## WHAT YOU ARE ASKED TO DO
Leave the pictures out. Retype exactly the lines below from the one containing "Есть в Солнечной" through the one containing "东方网记者奚亮11月26日报", and no others.

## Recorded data
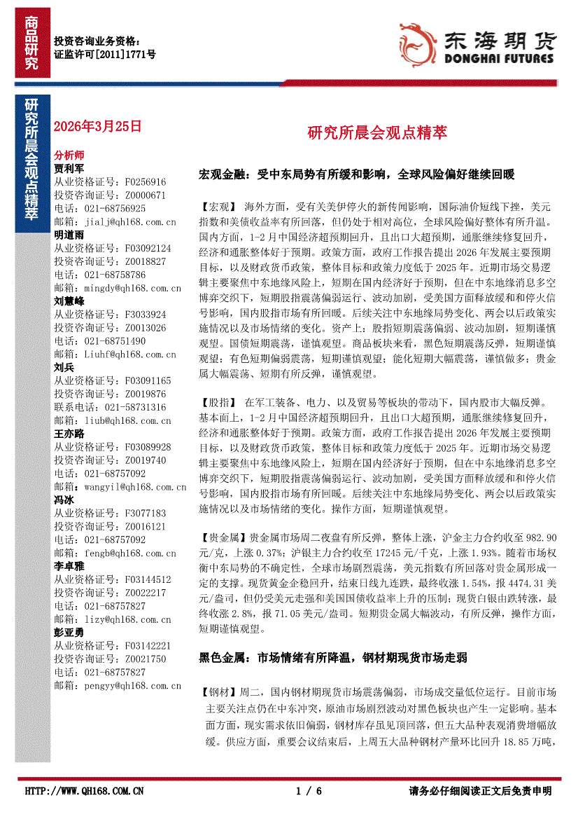 东海期货-研究所晨会观点精萃-260325
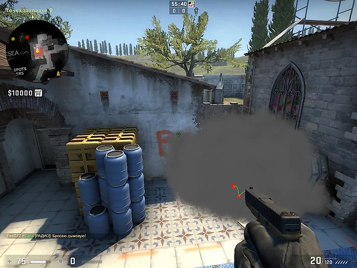 Никогда не отдавайте банан. Даже если вы планируете выход под А, стартовые «молотов» и смок на бочки – дефолт для каждого раунда. Они как минимум дезориентируют противника, у которого не будет инфы по банану, а следовательно не будет и быстрой перетяжки на А.
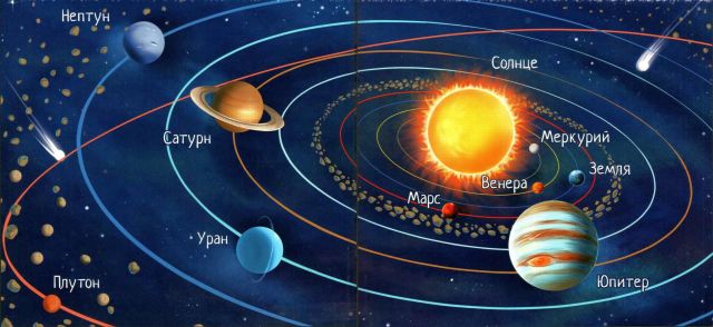 Есть в Солнечной системе и крошечные планетки — астероиды. Они располагаются в основном между Марсом и Юпитером. Кроме планет и астероидов вокруг Солнца движутся кометы, которые, приближаясь к Солнцу, становятся похожими на хвостатые звёзды. К настоящим звёздам кометы никакого отношения не имеют, потому что в отличие от этих небольших ледяных глыб с длинными хвостами из газа и пыли звёзды представляют собой большие раскалённые шары. В Солнечной системе есть лишь одна звезда — Солнце. Оно освещает и обогревает Землю и другие планеты.
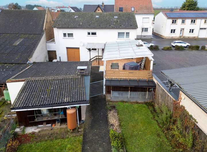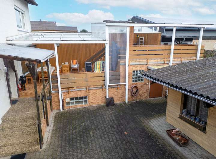 Ein echtes Highlight sind die Außenbereiche: Zwei große, überdachte Terrassen mit insgesamt ca. 50 m² bieten geschützte Wohlfühlzonen für entspannte Stunden im Freien – perfekt für Familienfeiern, Grillabende oder einfach zum Abschalten. Der charmante Innenhof schafft zusätzliche Privatsphäre, während mehrere Nebengebäude praktischen Raum für Werkstatt, Lager, Technik und den Zugang zum Gewölbekeller bieten.
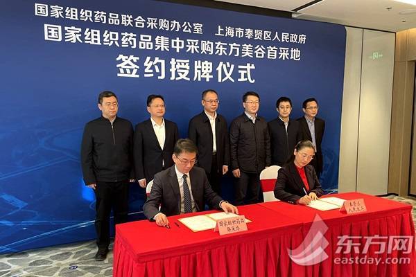 东方网记者奚亮11月26日报道:25日,国家组织药品联合采购办公室与上海市奉贤区人民政府联合举办的国家药品集中采购“东方美谷首采地”签约揭牌仪式在奉贤举行。
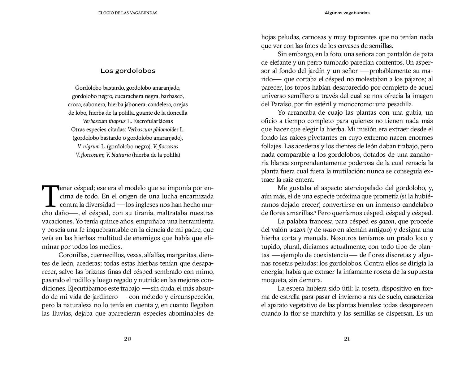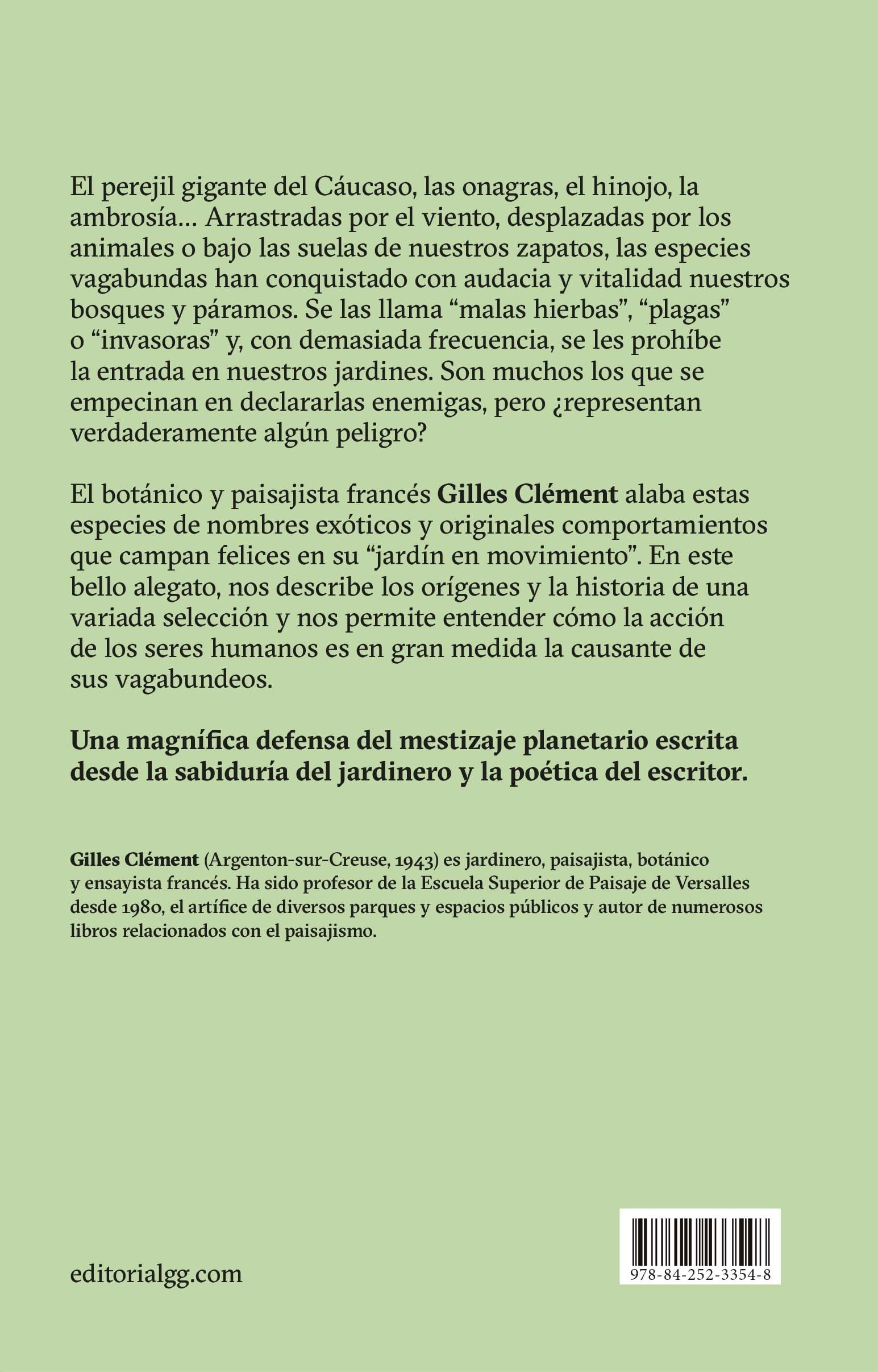 El perejil gigante del Cáucaso, las onagras, el hinojo, la ambrosía… Arrastradas por el viento, desplazadas por los animales o bajo las suelas de nuestros zapatos, las especies vagabundas han conquistado con audacia y vitalidad nuestros bosques y páramos. Se las llama “malas hierbas”, “plagas” o “invasoras” y, con demasiada frecuencia, se les prohíbe la entrada en nuestros jardines. Son muchos los que se empecinan en declararlas enemigas, pero ¿representan verdaderamente algún peligro?. El botánico y paisajista francés Gilles Clément alaba estas especies de nombres exóticos y originales comportamientos que campan felices en su “jardín en movimiento”. En este bello alegato, nos describe los orígenes y la historia de una variada selección y nos permite entender cómo la acción de los seres humanos es en gran medida la causante de sus vagabundeos. Una magnífica defensa del mestizaje planetario escrita desde la sabiduría del jardinero y la poética del escritor.
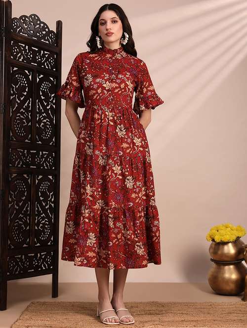 Step into effortless fusion style with this red floral print midi dress crafted from soft, breathable cotton cambric. Designed with a high neck and flounce hem sleeves, it brings a refined yet playful charm to your wardrobe. The tiered A-line silhouette adds graceful movement, while ruffle accents enhance its feminine flair. Finished with functional pockets for added ease, this dress blends comfort with standout style. Perfect for days you want to look polished without compromising on comfort.
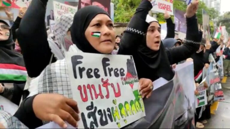 วันที่ 21 ต.ค.66 ผู้สื่อข่าวรายงานว่า ที่โอเชี่ยล ทาวน์เวอร์ ซอยวัฒนา แขวงคลองเตยเหนือ เขตวัฒนา กรุงเทพฯ ประชาชนชาวปาเลสไตน์ และสมาพันธ์คณะกรรมการอิสลามประจำ 5 จังหวัดชายแดนภาคใต้ ร่วมกันชุมนุมเชิงสัญลักษณ์ประมาณกว่า 300 คน หน้าสถานทูตอิสราเอล เพื่อประท้วงการเหยียดเชื้อชาติพันธ์ และเรียกร้องให้หยุดการฆ่าล้างเผ่าพันธ์ในกาซ่า
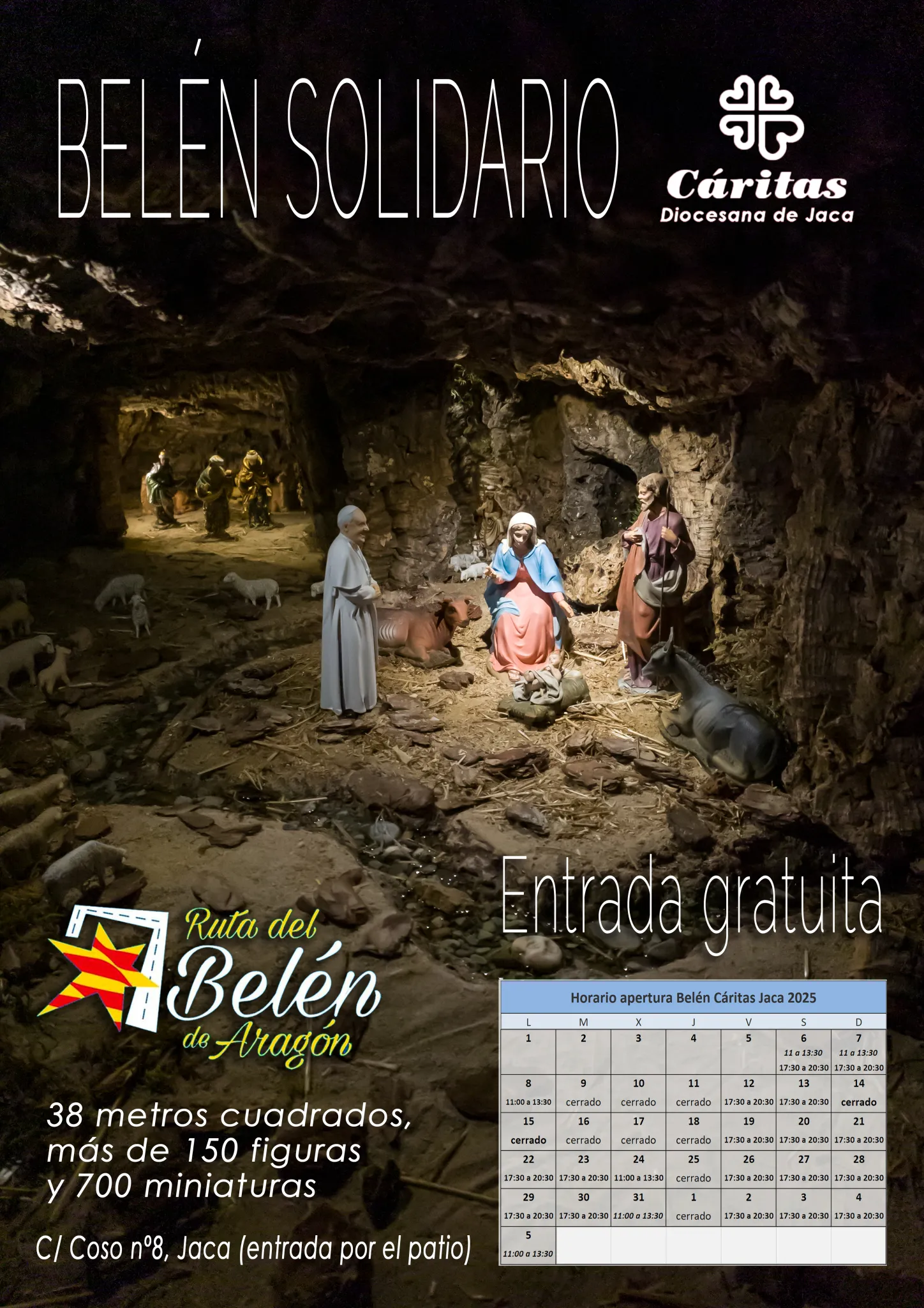 Con esta propuesta, Cáritas Jaca vuelve a unir arte, tradición, fe y compromiso social, ofreciendo un belén que no solo se contempla, sino que también interpela y ayuda a sostener la acción solidaria durante todo el año.

## FINISHED EXERCISE
 Есть в Солнечной системе и крошечные планетки — астероиды. Они располагаются в основном между Марсом и Юпитером. Кроме планет и астероидов вокруг Солнца движутся кометы, которые, приближаясь к Солнцу, становятся похожими на хвостатые звёзды. К настоящим звёздам кометы никакого отношения не имеют, потому что в отличие от этих небольших ледяных глыб с длинными хвостами из газа и пыли звёзды представляют собой большие раскалённые шары. В Солнечной системе есть лишь одна звезда — Солнце. Оно освещает и обогревает Землю и другие планеты.
 Ein echtes Highlight sind die Außenbereiche: Zwei große, überdachte Terrassen mit insgesamt ca. 50 m² bieten geschützte Wohlfühlzonen für entspannte Stunden im Freien – perfekt für Familienfeiern, Grillabende oder einfach zum Abschalten. Der charmante Innenhof schafft zusätzliche Privatsphäre, während mehrere Nebengebäude praktischen Raum für Werkstatt, Lager, Technik und den Zugang zum Gewölbekeller bieten.
 东方网记者奚亮11月26日报道:25日,国家组织药品联合采购办公室与上海市奉贤区人民政府联合举办的国家药品集中采购“东方美谷首采地”签约揭牌仪式在奉贤举行。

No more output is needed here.